El ciclismo urbano como fenómeno complejo y multifacético nutre la comprensión de las ciudades latinoamericanas, eje privilegiado para la comprensión de las sociedades en su conjunto (Romero, 1976). En América Latina ciclistas se enfrentan no solo con el conflicto automovilista, sino también con un rango de factores que generan dificultades para moverse en la ciudad, incluyendo la escala urbana, la inseguridad, el crimen y diferentes tipos de violencia, como el tráfico abierto o la violencia de género.
La bicicleta no es una solución para todas y todos por razones de capacidades y distancia. También, la región todavía tiene mucho que desarrollar con respeto a la cultura y las infraestructuras ciclistas. Se sigue con problemas de escala y poder político que hacen preguntarse cómo se planifica una ciudad inclusiva ciclista. En este sentido, parece imprescindible explorar los ejemplos de coyunturas sociales, urbanas, económicas, culturales propias a la región que históricamente favorecieron el uso de la bicicleta, pero también los numerosos fenómenos que impidieron su desarrollo.

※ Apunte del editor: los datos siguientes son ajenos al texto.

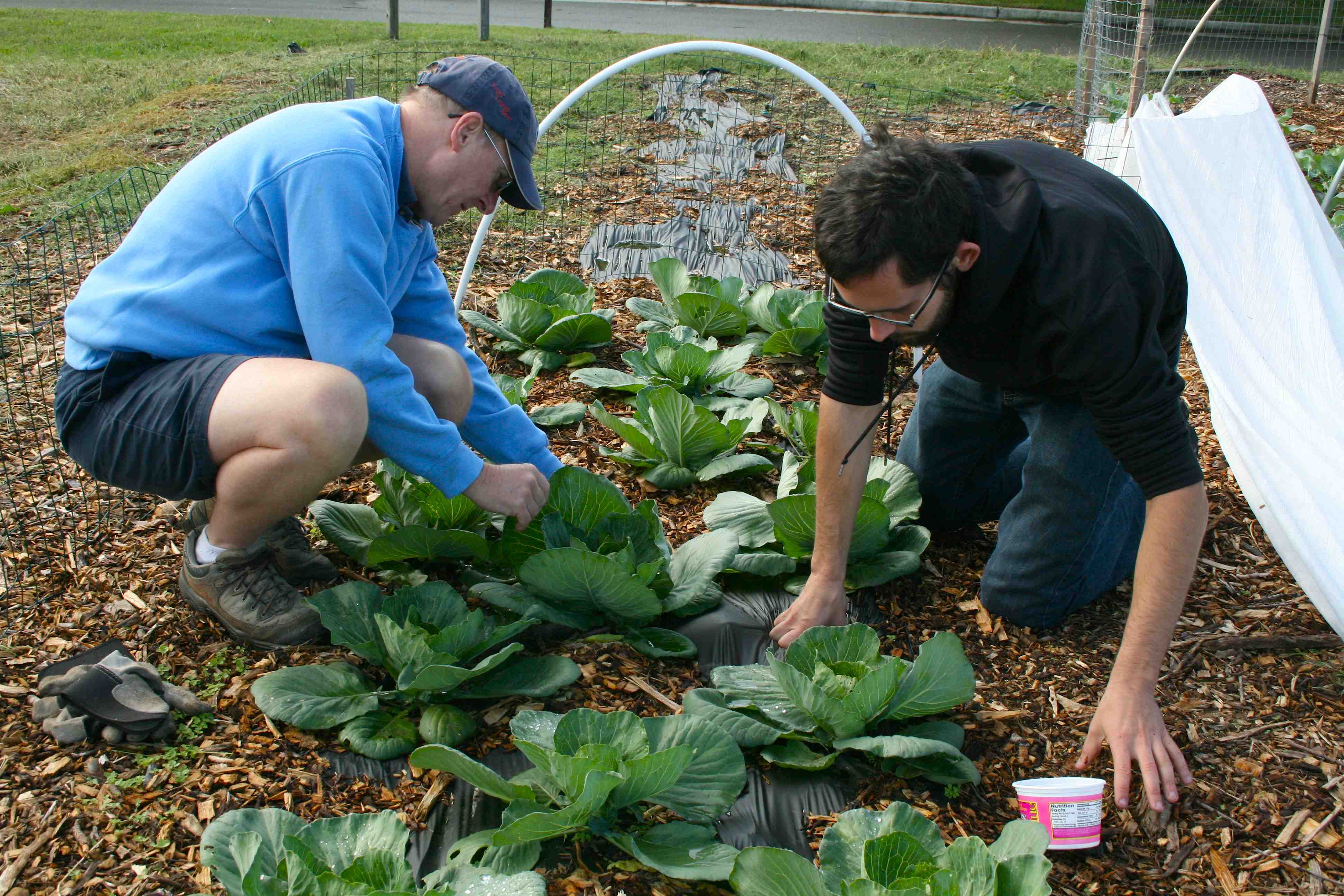 The large number of volunteers was perfect for our primary task of the day – manual intervention to control cabbage worms. Our experiment with row covers produced a completely surprising, antithetical observation: The covered plants had many more worms than the uncovered plants. Theories? (Uncovered plants allowed predators to get to the worms; the cool nights drove the worms under the row covers to the warmer environment…?)

Sin embargo, la movilidad urbana en América Latina ha evolucionado gracias al papel transformador de la bicicleta. El andar en bicicleta es un vector incontestable de cambio, tanto de manera anticonvencional, como favoreciendo la gentrificación, con relaciones fluctuantes con el poder. Gracias a las herramientas metodológicas de las ciencias sociales, la investigación se está desplegando en América Latina al mismo tiempo que el ciclismo se está desarrollando nuevamente en el continente.
Parece imprescindible conectar esta práctica en plena expansión con sus raíces locales inexploradas y en particular las distintas formas de conflictividad, constructivas o no, en el espacio público, pero también de marginalidad, social o espacial, que el ciclismo urbano posibilita revelar. El giro cultural, muy presente en la historiografía, permite justamente crear un puente entre análisis de las prácticas actuales e indagaciones del pasado, para ir más allá de las políticas que muy a menudo privilegian medidas técnicas, infraestructuras visibles, olvidando las experiencias personales, las representaciones colectivas y la complejidad histórica de las sociedades que desarrollan el uso utilitario de la bicicleta (Oosterhuis, 2014).